>>>

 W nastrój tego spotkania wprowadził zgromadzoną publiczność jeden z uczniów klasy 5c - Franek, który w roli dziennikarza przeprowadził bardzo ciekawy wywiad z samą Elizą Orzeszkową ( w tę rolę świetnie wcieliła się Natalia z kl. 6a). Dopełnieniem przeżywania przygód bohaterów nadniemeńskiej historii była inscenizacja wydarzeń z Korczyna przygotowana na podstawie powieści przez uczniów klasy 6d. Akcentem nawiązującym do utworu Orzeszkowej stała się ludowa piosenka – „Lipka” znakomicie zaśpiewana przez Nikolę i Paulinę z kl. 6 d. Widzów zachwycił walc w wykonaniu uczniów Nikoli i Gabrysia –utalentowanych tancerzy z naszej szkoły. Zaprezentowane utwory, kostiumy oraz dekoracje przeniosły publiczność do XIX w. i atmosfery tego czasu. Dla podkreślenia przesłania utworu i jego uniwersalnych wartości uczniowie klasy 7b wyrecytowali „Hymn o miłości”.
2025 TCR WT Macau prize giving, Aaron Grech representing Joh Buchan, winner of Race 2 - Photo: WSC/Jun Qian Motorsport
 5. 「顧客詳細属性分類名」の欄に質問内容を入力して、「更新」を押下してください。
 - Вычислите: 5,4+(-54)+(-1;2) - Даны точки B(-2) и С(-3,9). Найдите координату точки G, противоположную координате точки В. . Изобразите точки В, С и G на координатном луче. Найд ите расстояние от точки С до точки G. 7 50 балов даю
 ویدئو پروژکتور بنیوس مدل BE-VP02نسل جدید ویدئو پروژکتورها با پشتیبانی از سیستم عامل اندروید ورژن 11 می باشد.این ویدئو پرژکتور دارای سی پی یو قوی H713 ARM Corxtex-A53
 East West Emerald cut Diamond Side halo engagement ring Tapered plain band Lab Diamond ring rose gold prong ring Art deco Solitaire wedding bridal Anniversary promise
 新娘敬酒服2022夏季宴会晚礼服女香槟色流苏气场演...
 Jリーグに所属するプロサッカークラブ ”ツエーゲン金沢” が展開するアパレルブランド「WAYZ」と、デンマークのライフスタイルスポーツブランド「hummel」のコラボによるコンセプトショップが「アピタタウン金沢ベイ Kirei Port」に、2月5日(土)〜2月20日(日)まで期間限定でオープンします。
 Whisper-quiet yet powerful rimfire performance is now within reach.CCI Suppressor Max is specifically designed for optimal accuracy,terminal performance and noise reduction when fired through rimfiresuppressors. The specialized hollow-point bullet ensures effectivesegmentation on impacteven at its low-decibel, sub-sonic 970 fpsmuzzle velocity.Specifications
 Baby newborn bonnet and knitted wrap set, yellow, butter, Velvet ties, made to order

<<<

**TASK REQUIREMENTS**
Could you set down each entry above word for word?

**SOLUTION BELOW**
 W nastrój tego spotkania wprowadził zgromadzoną publiczność jeden z uczniów klasy 5c - Franek, który w roli dziennikarza przeprowadził bardzo ciekawy wywiad z samą Elizą Orzeszkową ( w tę rolę świetnie wcieliła się Natalia z kl. 6a). Dopełnieniem przeżywania przygód bohaterów nadniemeńskiej historii była inscenizacja wydarzeń z Korczyna przygotowana na podstawie powieści przez uczniów klasy 6d. Akcentem nawiązującym do utworu Orzeszkowej stała się ludowa piosenka – „Lipka” znakomicie zaśpiewana przez Nikolę i Paulinę z kl. 6 d. Widzów zachwycił walc w wykonaniu uczniów Nikoli i Gabrysia –utalentowanych tancerzy z naszej szkoły. Zaprezentowane utwory, kostiumy oraz dekoracje przeniosły publiczność do XIX w. i atmosfery tego czasu. Dla podkreślenia przesłania utworu i jego uniwersalnych wartości uczniowie klasy 7b wyrecytowali „Hymn o miłości”.
2025 TCR WT Macau prize giving, Aaron Grech representing Joh Buchan, winner of Race 2 - Photo: WSC/Jun Qian Motorsport
 5. 「顧客詳細属性分類名」の欄に質問内容を入力して、「更新」を押下してください。
 - Вычислите: 5,4+(-54)+(-1;2) - Даны точки B(-2) и С(-3,9). Найдите координату точки G, противоположную координате точки В. . Изобразите точки В, С и G на координатном луче. Найд ите расстояние от точки С до точки G. 7 50 балов даю
 ویدئو پروژکتور بنیوس مدل BE-VP02نسل جدید ویدئو پروژکتورها با پشتیبانی از سیستم عامل اندروید ورژن 11 می باشد.این ویدئو پرژکتور دارای سی پی یو قوی H713 ARM Corxtex-A53
 East West Emerald cut Diamond Side halo engagement ring Tapered plain band Lab Diamond ring rose gold prong ring Art deco Solitaire wedding bridal Anniversary promise
 新娘敬酒服2022夏季宴会晚礼服女香槟色流苏气场演...
 Jリーグに所属するプロサッカークラブ ”ツエーゲン金沢” が展開するアパレルブランド「WAYZ」と、デンマークのライフスタイルスポーツブランド「hummel」のコラボによるコンセプトショップが「アピタタウン金沢ベイ Kirei Port」に、2月5日(土)〜2月20日(日)まで期間限定でオープンします。
 Whisper-quiet yet powerful rimfire performance is now within reach.CCI Suppressor Max is specifically designed for optimal accuracy,terminal performance and noise reduction when fired through rimfiresuppressors. The specialized hollow-point bullet ensures effectivesegmentation on impacteven at its low-decibel, sub-sonic 970 fpsmuzzle velocity.Specifications
 Baby newborn bonnet and knitted wrap set, yellow, butter, Velvet ties, made to order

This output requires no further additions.